Most of us will never win a Pulitzer Prize, the lottery or the World Tennis Championship. Most of us are ordinary folks who have some strengths, a lot of weaknesses and just feel grateful if we can get out of bed in the morning.
However, there is a time in every person’s life when he or she can be a champion. And that is why we have county fairs.
People who are not in the habit of competing in a NASCAR race could do pretty well in the pickle competition at the county fair. Or they may enter their favorite marigold, which is a winner in their eyes. Or perhaps they have sewn a nice potholder during the year, knitted some socks or canned some jelly. It is time to dig those hidden talents out of the garden or pantry and head down to your local county fair and just see how you match up against all those other would-be champions in the open class contests.
I myself have been a regular open class county fair exhibitor for many years. I have entered zucchini, tomatoes, rhubarb, flowers of all types and bread; oh yes, let me tell you about my bread.
And I have on occasion won a few ribbons. I have a rack in my bathroom on which I have hung many of those ribbons. It is a good place to sit and meditate on those days when I’m feeling rather punky and wondering if I have ever done any good at all in my life.
I am proud of my fair ribbons, because they represent some of my better efforts at gardening and cooking, two of my favorite hobbies. Although, I must admit, the only best of show ribbon I ever won was for my rhubarb, and when I think about it, rhubarb grows like a weed without any help from me, which makes me wonder: Is my best accomplishment something that just grew by accident? No matter. A ribbon is a ribbon, and a best of show ribbon is nothing to sniff about.
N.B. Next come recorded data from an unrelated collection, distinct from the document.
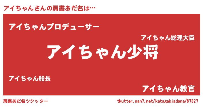 | 男性向けラノベタイトル風あだ名 | 『アイちゃん~年齢イコール彼女いない歴の魔法使い~』 |
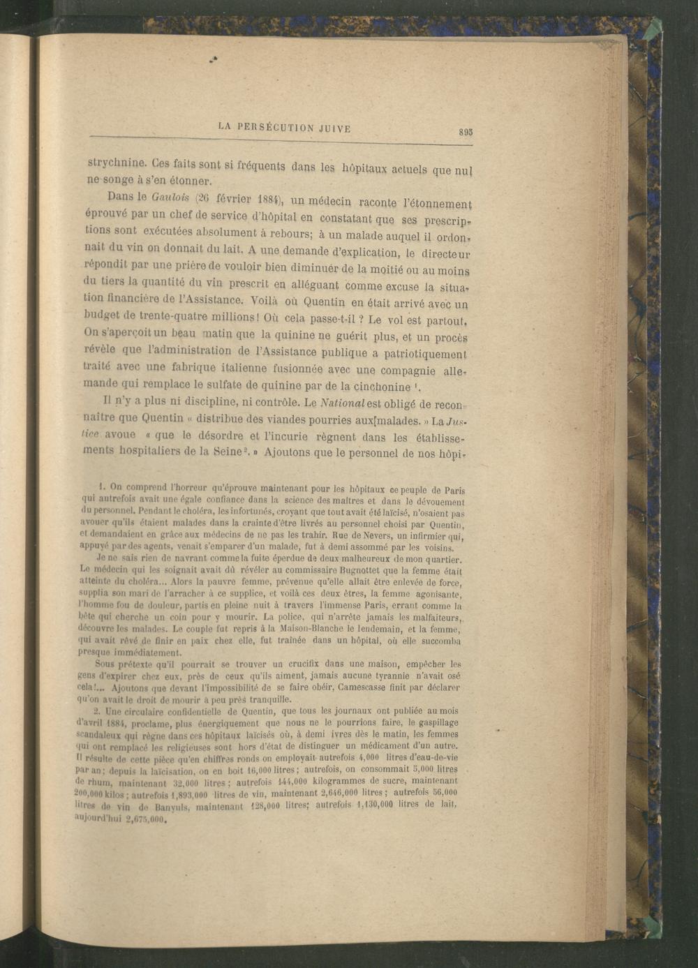 J. Une circulaire confidentielle de Quentin, que tous les journaux ont publiée au mois d’avril 1884, proclame, plus énergiquement que nous ne le pourrions faire, le gaspillage scandaleux qui règne dans ces hôpitaux laïcisés où, à demi ivres dès le matin, les femmes «lui ont remplacé les religieuses sont hors d’état de distinguer un médicament d’un autre.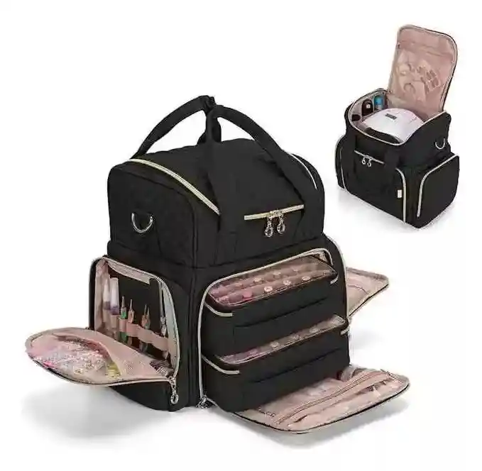 Estuche transporte para esmalte de uñas con caja de almacenamiento grande para herramientas e insumos, multifuncional, con bolsa de malla y costura duradera. El organizador para manicuristas, está hecho de microfibra de poliéster suave. El interior acolchado mantiene los frascos de esmalte de uñas en buen estado. Dimensiones: 30,5 cm x 17,5 cm x 23 cm/12,01 x 6,89 x 9,06 pulgadas. El almacenamiento inferior es un organizador de bolsa de maquillaje de viaje imprescindible, el compartimento inferior tiene 2 cajas extraíbles. Cada caja contiene 24 botellas de esmalte de uñas de 15 ml (0,5 fl oz). El divisor de esmaltes es flexible y extraíble. COMPARTIMIENTO SUPERIOR: Bolsa de cosméticos portátil con bolsillo de malla y parte superior elástica para secador de uñas estándar (dimensiones aproximadamente 9 x 7,5 x 4,5 pulgadas), quitaesmalte y otras herramientas. Tiene gran capacidad ya que los bolsillos laterales guardan pinceles para esmalte de uñas y otros accesorios. Un bolsillo interno transparente y un bolsillo trasero externo guardan accesorios adicionales. La bolsa de almacenamiento duradera y desmontable y la correa para el hombro ajustable ofrecen dos formas de transportarlo, con diseño minimalista. Las correas en parte posterior de la bolsa de cosméticos se puede fijar de forma segura al equipaje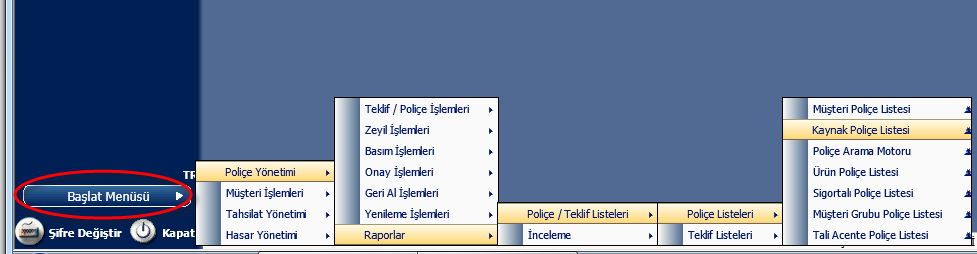 Sfs ekranında; Başlat Meüsüne tıkladıktan sonra Poliçe Yönetimi/Raporlar/Poliçe-Teklif Listeleri/Poliçe Listeleri/ Kaynak poliçe Listeleri şeklinde adımlar takip edilir.

But getting back to my bread. I learned to bake bread when I was about 6 years old, helping Auntie Alma cook for our hay crews. Auntie Alma’s theme for cooking for big crews was: No matter how little or much you have of anything else, make sure you always prepare enough potatoes and gravy and bread, and that will keep everyone happy.
I have been baking bread ever since. My speciality is sourdough, and my current starter is about 18 years old (I unfortunately murdered a much older starter a friend gave me in the 1980s — something I still regret).
And for several years I won blue ribbons and the Idaho County Wheat Growers award at the Idaho County Fair for my sourdough bread.
Then, like a dummy, I bragged about it in this column. Which only served to inspire other bread bakers to compete against me. Which upped the stakes and caused me to lose out to other great bread bakers.
This year I stayed mum — until the fair was over, which it was a couple weeks ago, after I won another blue ribbon and the Idaho County Wheat Growers award.
And that leads me to the moral of this story: Get out there and help make your county fair great. But choose your battles.